Я впервые столкнулась с подтекстом роли по сути, так как термина такого еще не существовало. Пьеса начиналась сценой Пелагеи с жестокой, глухой ко всему живому Домной Родионовной, которую очень хорошо играла Муратова.
— Вишь, черти, горло дерут. Слободские, что ли?
— Слободские, матушка, фабричные с бабами да с девками из кабака в кабак шляются. Пьяным-пьяно, — осуждая, ужасаясь отвечала Пелагея, на самом деле смертельно завидуя и всячески одобряя любое безобразие. — Ох‑ох, матушка, о летунах-то этих намедни старец пророчествовал. — О старце говорила с почтением, шепотом — он, дескать, святой, — чтобы угодить старухе.
{154} Речь Пелагеи была разная, фразы резко обрывались, меняли направление. Я подчеркивала их интонациями.
— У святых отцов сказано: превознесется сын погибели, человек беззакония… — Это звучало как церковное песнопение. Потом сразу почти весело: — Ну а там и кончина веку сему, светопреставление. — И вдруг нежной флейтой запевала: — А вот и Гришенька…
С Домной Родионовной подсматривала, подслушивала Пелагея любовный разговор Федора с мачехой.
— Молчи! — приказывала Домна Родионовна. — Только пикни — в гроб вколочу.
— Не бойсь, не бойсь, матушка. — Пелагея вся тряслась от любопытства и возбуждения. — Да этакого на людях вслух и не скажешь, язык не повернется, чай… Ох, искушение! — А сама захлебывалась восторгом от «неприличной» сплетни.
Главная моя сцена: по приказу старухи Пелагея вместе с Гришей выкрадывает письма из стола Федора. И заодно совращает без того напуганного богобоязненного юнца.
— Не уйдешь, миленький, никуда от меня не уйдешь, — говорит Пелагея ласково. — Мы теперь одной веревочкой связаны. Ох дела-дела, как сажа бела. — И дальше, цинично: — Мальчик маленький, хорошенький. Вот захочу — зацелую, и ничего ты со мной не поделаешь. Я ведь бедовая, шельма я, даром что ряску ношу.
В последней фразе было зерно образа. Я невзначай приподнимала юбку, показывала ногу и так преувеличенно охала, что Гришенька — Берсенев с трудом, и то не сразу, мог только проговорить: «Наглая, наглая…»
А Пелагея наглела все больше, уже не стесняясь, скинув ханжескую маску святости.
— Есть у Гришеньки зазнобушка Принцесса Грез. «И грезы, и слезы, и уст упоительный яд…». А ты что думал? Я тоже ученая, люблю стишок пронзительный. — Голос звенел зло, а сама вилась вокруг, обольстительная, грешная.

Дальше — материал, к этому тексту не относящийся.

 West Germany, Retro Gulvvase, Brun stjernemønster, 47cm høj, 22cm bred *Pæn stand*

Очень я любила эту роль, наслаждалась обретенной уверенностью, свободой. Ощущению реальной жизни на сцене помогали тогда (как и всю жизнь потом) подлинные вещи — ряска, кожаный пояс, колечко с надписью «Спаси, пресвятая Богородица», четки…
Должна сказать, что никто моей радости по поводу нового спектакля не разделял — лучшие артисты театра не знали, что делать, просили их заменить. Перечитав {155} сейчас пьесу, я тоже не понимаю, — зачем Художественный театр ставил ее, такую мутную, тягучую.

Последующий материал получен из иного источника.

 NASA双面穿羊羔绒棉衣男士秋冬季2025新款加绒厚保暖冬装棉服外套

Роль Пелагеи написана грубее, чем другие, с оттенком злой комедийности. Для меня она оказалась первым сценическим капиталом за пять лет работы, — мне было не до погрешностей пьесы.
После генеральной репетиции я в коридоре встретила Немировича-Данченко.
— Я редко себе позволяю безоговорочно сказать «хорошо», — обратился он с непривычной для меня лаской. — Но правда хорошо!